> _Information given_:
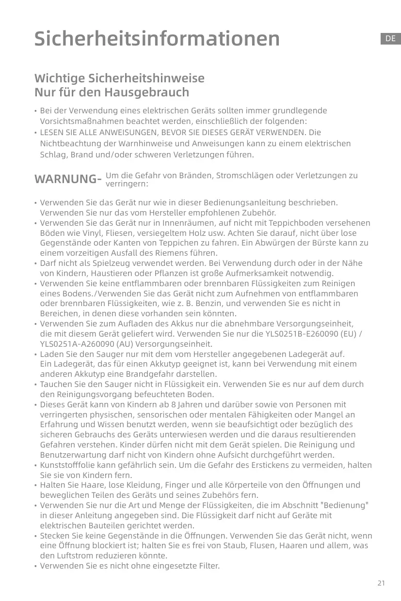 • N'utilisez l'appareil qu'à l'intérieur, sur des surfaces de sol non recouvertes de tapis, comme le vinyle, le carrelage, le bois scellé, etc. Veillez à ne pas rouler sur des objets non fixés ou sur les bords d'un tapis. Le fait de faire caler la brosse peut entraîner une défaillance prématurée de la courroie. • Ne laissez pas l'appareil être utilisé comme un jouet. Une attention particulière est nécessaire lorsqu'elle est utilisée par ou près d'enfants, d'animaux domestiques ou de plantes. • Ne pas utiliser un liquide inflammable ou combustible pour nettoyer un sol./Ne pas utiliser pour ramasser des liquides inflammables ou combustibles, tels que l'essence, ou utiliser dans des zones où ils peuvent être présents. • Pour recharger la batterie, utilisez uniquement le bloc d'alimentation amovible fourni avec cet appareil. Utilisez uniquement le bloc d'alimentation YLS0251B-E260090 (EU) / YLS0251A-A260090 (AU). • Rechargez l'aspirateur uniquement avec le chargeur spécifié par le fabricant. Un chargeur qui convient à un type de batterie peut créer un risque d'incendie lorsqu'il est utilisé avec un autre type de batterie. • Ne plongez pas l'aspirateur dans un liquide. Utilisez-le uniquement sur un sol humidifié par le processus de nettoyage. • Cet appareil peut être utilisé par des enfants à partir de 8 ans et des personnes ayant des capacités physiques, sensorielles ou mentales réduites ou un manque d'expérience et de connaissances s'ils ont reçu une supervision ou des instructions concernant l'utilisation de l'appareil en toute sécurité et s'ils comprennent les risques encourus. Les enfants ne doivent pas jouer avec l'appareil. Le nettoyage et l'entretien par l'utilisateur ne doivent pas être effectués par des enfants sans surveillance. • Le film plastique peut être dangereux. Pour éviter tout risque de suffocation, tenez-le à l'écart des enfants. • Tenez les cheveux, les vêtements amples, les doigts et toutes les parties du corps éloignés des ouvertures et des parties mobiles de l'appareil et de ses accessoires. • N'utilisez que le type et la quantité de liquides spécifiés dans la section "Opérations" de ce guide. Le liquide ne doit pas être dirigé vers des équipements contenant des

--

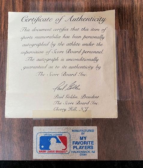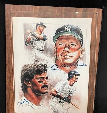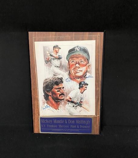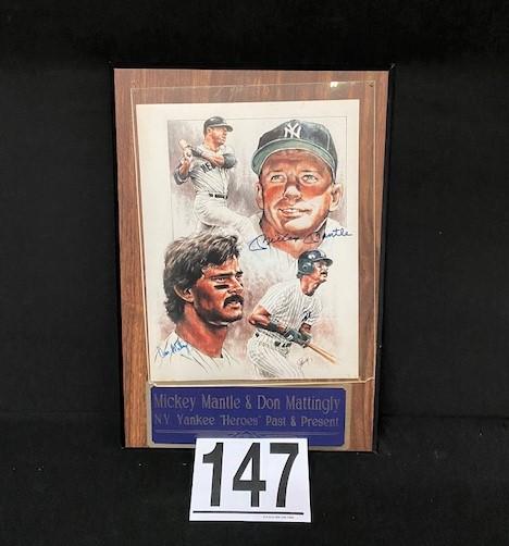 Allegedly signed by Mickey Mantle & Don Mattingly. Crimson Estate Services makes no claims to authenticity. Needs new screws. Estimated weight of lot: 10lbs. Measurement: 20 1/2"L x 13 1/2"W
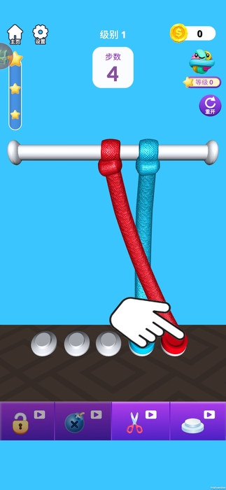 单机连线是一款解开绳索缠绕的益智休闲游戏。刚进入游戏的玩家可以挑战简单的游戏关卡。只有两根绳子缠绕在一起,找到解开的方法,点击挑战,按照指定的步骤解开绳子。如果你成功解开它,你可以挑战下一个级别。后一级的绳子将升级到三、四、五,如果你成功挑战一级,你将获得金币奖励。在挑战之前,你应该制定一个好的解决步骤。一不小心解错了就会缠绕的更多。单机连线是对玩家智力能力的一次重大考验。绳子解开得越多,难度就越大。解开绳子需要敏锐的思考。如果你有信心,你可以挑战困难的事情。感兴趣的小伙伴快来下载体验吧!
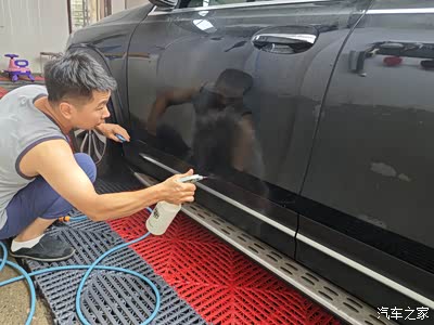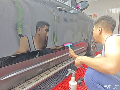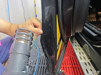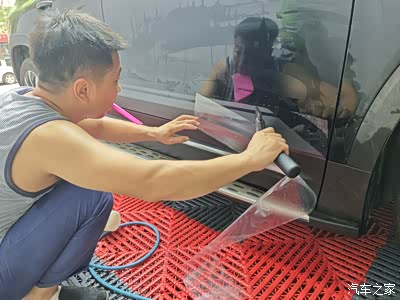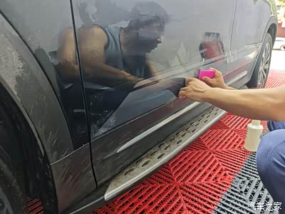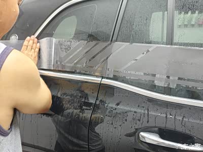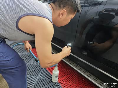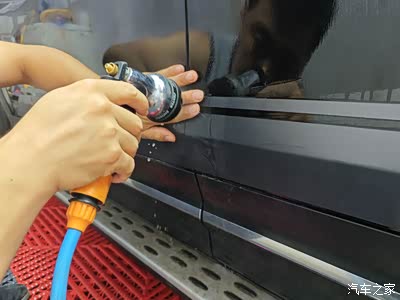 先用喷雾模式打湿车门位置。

> _Your task_: Look above for the line holding "单机连线是一款解开绳索缠绕的" and output everything from it down to the line holding "先用喷雾模式打湿车门位置。", both ends included, exactly and without images.

> _Answer area_:
 单机连线是一款解开绳索缠绕的益智休闲游戏。刚进入游戏的玩家可以挑战简单的游戏关卡。只有两根绳子缠绕在一起,找到解开的方法,点击挑战,按照指定的步骤解开绳子。如果你成功解开它,你可以挑战下一个级别。后一级的绳子将升级到三、四、五,如果你成功挑战一级,你将获得金币奖励。在挑战之前,你应该制定一个好的解决步骤。一不小心解错了就会缠绕的更多。单机连线是对玩家智力能力的一次重大考验。绳子解开得越多,难度就越大。解开绳子需要敏锐的思考。如果你有信心,你可以挑战困难的事情。感兴趣的小伙伴快来下载体验吧!
 先用喷雾模式打湿车门位置。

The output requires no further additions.